North America's commercial Pacific salmon fisheries were established and grew rapidly in the late nineteenth century. In many areas, returning adult salmon soon were running such a gauntlet of competing fishing gears and other hindrances, such as dams, that it was a lucky salmon that survived to spawn (Higgs, 1982). The resulting decline in salmon populations led to the creation of public agencies to establish fishing gear restrictions and fishing seasons. However, these authorities could never fully control harvests of the salmon stocks within their purview because many salmon could be caught as they passed through the waters of neighboring
jurisdictions on their return migration. Such "interceptions" became increasingly important over time as fishing effort expanded in offshore areas.
The first significant international agreement on salmon harvests was a convention between the United States and Canada, signed in 1930 and ratified in 1937. That agreement divided the harvest of Fraser River sockeye salmon as well as management and restoration costs equally between the two nations (Munro and Stokes, 1989). The agreement was later extended to Fraser River pink salmon. Under that convention, the International Pacific Salmon Fishery Commission (IPSFC) regulated harvests of the Fraser River stocks. Although the Fraser River lies entirely in Canada, a large portion of the salmon spawning in that drainage typically approach the river through the Strait of Juan de Fuca where, historically, they had been harvested by Washington State fishing vessels. When a rock slide blocked access to part of their spawning habitat, and sent the Fraser's salmon resources into decline, the United States and Canada had a clear joint interest in removing the blockage and restoring the runs.

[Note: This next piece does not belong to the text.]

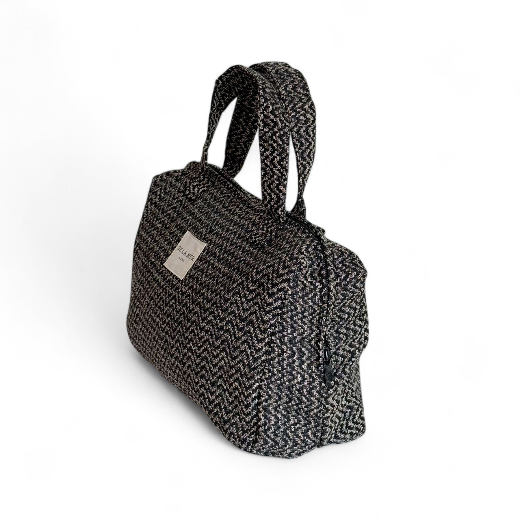Extra-large pouch with a top zipper and fabric handles. Made from thick jacquard fabric with a black and beige zigzag pattern. Lined on the inside with thick gray fabric. For proper care, hand wash in cold water and do not tumble dry.

That agreement covered only a portion of the salmon runs jointly exploited by the United States and Canada. When negotiations for the Pacific Salmon Treaty began in 1971, Alaskan interceptions of salmon spawned in the rivers of Washington and Oregon were creating tensions among the states, while increasing Canadian troll harvests of those stocks precluded an effective internal solution. In addition, mutual interceptions of salmon of Canadian and Alaskan origin were seen as a barrier to effective management in the northern area (Yanagida, 1987). At the same time, the Canadians had become increasingly unhappy about their agreement to share one half of the Fraser River salmon with the United States because, by foregoing construction of hydropower dams on the Fraser, Canada was effectively bearing more than half of the cost of maintaining those runs. Afier 14 years of negotiations, the treaty went into effect in 1985.
The treaty created the Pacific Salmon Commission and gave it the authority to promulgate "fishing regimes" to govern harvests in six distinct fisheries. The commission is to periodically renegotiate these regimes as they expire. The body of the treaty lays out a set of general principles to guide the commission in this task. Of central importance are the equity and conservation objectives, which the treaty expresses as follows:
" .. .cach Party shall conduct its fisheries and its salmon enhancement programs so as to:
a) prevent overfishing and provide for optimum production; and b) provide for each Party to receive benefits equivalent to the production of salmon originating in its waters. (Pacific Salmon Treaty, Article III)"
The treaty then advises the parties to consider the following factors: the desirability of reducing interceptions, the desirability of avoiding disruption of existing fisheries, and annual variations in abundances of the stocks. These considerations are somewhat mutually inconsistent because many of the existing fisheries relied heavily on interceptions.
Until the June 1999 amendments to the treaty, the fishing regimes consisted primarily of harvest ceilings for specific locations and species. For example, in 1985 and 1986, the annual all-gear harvest of chinook in northern and central British Columbia and southeast Alaska was to be limited to 526,000 fish divided equally between the parties (Treaty, Annex IV, Chapter 3). Although the intent of the treaty was to control interceptions of fish produced in other jurisdictions, the difficulty of identifying the true origins of fish taken in an ongoing mixed-stock fishery led to the harvest ceiling approach as a proxy method for balancing interceptions.
In addition, the regimes were effective for only a few years. Negotiations for new regimes were to follow a consensus rule, but that allowed any of the parties to veto proposed fishing regimes seen as contrary to its constituent's interests (Yanagida, 1987; Miller, 1996; Schmidt, 1996; Munro et al., 1998). The relevant parties in this context are Canada and the 3 voting U.S. commissioners—representing Alaska, Washington/Oregon, and 24 treaty tribes located in Washington, Oregon, and Idaho. While the Canadian federal government has primary authority on the Canadian side, the British Columbia Provincial Government has often differed vociferously with federal policies, and those internal differences frequently colored the course of the negotiations. When the parties failed to agree on fishing regimes, regulatory authority reverted to the appropriate state or federal jurisdiction. In the United States, the states have authority within 3 nautical miles of the coast and federal jurisdiction extends from 3 to 200 miles offshore.